● **Problem requirements**
Reproduce the records without their pictures, keeping every word as it is.

Start of The data

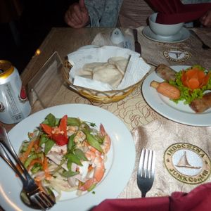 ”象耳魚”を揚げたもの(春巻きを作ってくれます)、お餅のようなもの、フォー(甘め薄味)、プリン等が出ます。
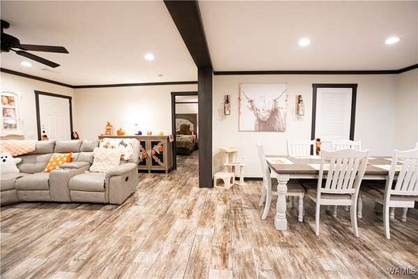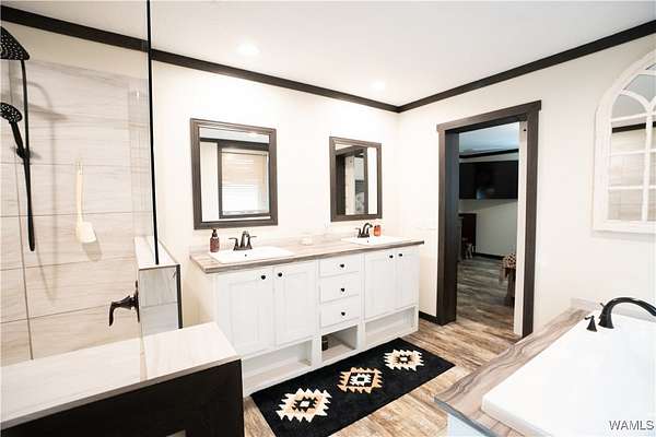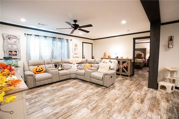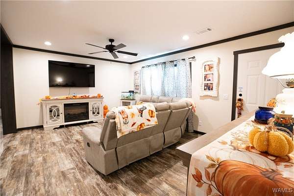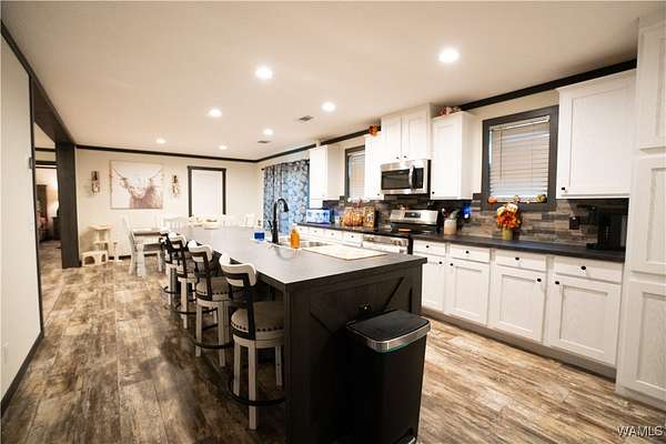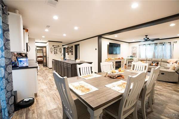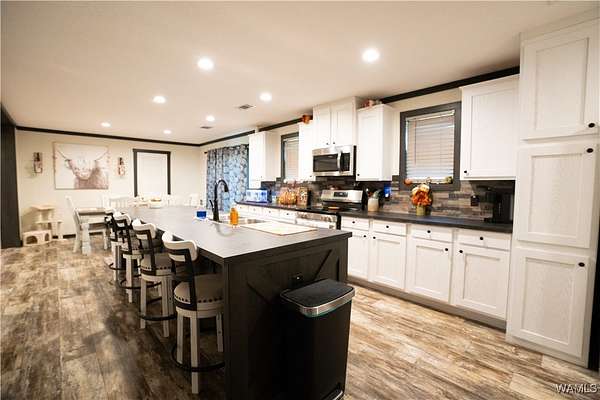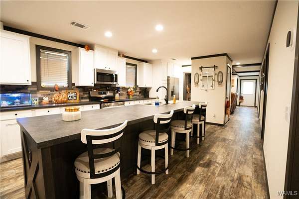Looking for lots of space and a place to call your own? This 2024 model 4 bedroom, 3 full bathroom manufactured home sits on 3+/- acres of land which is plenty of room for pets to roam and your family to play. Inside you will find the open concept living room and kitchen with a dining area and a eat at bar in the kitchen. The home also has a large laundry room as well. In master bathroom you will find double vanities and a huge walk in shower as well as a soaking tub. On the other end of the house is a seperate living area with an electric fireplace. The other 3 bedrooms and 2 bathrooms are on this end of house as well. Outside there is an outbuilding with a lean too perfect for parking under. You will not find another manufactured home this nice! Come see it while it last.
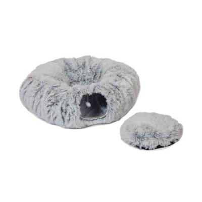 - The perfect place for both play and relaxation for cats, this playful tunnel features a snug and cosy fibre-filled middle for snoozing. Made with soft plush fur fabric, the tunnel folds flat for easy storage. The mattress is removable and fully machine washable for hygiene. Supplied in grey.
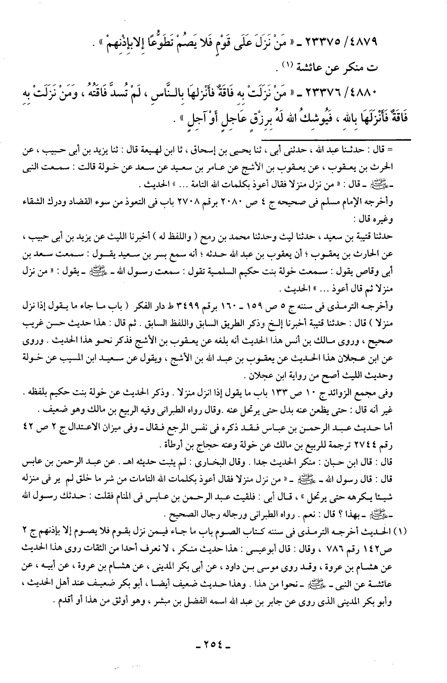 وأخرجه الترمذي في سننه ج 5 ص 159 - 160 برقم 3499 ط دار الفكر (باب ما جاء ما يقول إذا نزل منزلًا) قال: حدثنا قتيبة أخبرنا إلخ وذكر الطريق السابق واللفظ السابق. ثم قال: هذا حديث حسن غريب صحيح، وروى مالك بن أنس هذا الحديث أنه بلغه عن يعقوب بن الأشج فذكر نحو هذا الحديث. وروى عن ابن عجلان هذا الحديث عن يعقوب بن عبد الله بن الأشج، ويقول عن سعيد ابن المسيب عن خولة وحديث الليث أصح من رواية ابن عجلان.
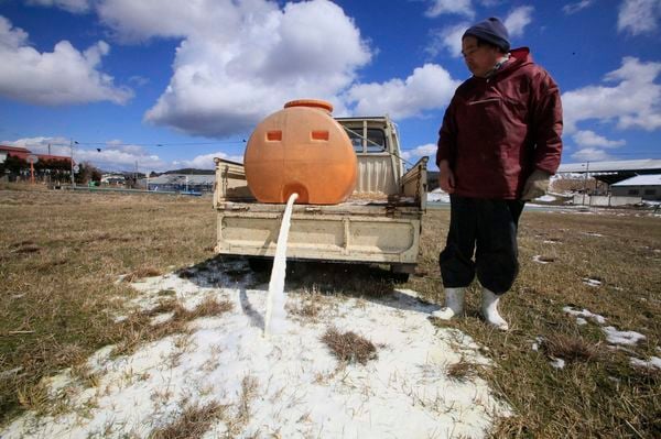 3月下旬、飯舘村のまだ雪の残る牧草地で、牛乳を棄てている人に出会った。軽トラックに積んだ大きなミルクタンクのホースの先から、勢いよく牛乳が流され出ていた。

End of The data

● **Exercise result**
 ”象耳魚”を揚げたもの(春巻きを作ってくれます)、お餅のようなもの、フォー(甘め薄味)、プリン等が出ます。
Looking for lots of space and a place to call your own? This 2024 model 4 bedroom, 3 full bathroom manufactured home sits on 3+/- acres of land which is plenty of room for pets to roam and your family to play. Inside you will find the open concept living room and kitchen with a dining area and a eat at bar in the kitchen. The home also has a large laundry room as well. In master bathroom you will find double vanities and a huge walk in shower as well as a soaking tub. On the other end of the house is a seperate living area with an electric fireplace. The other 3 bedrooms and 2 bathrooms are on this end of house as well. Outside there is an outbuilding with a lean too perfect for parking under. You will not find another manufactured home this nice! Come see it while it last.
 - The perfect place for both play and relaxation for cats, this playful tunnel features a snug and cosy fibre-filled middle for snoozing. Made with soft plush fur fabric, the tunnel folds flat for easy storage. The mattress is removable and fully machine washable for hygiene. Supplied in grey.
 وأخرجه الترمذي في سننه ج 5 ص 159 - 160 برقم 3499 ط دار الفكر (باب ما جاء ما يقول إذا نزل منزلًا) قال: حدثنا قتيبة أخبرنا إلخ وذكر الطريق السابق واللفظ السابق. ثم قال: هذا حديث حسن غريب صحيح، وروى مالك بن أنس هذا الحديث أنه بلغه عن يعقوب بن الأشج فذكر نحو هذا الحديث. وروى عن ابن عجلان هذا الحديث عن يعقوب بن عبد الله بن الأشج، ويقول عن سعيد ابن المسيب عن خولة وحديث الليث أصح من رواية ابن عجلان.
 3月下旬、飯舘村のまだ雪の残る牧草地で、牛乳を棄てている人に出会った。軽トラックに積んだ大きなミルクタンクのホースの先から、勢いよく牛乳が流され出ていた。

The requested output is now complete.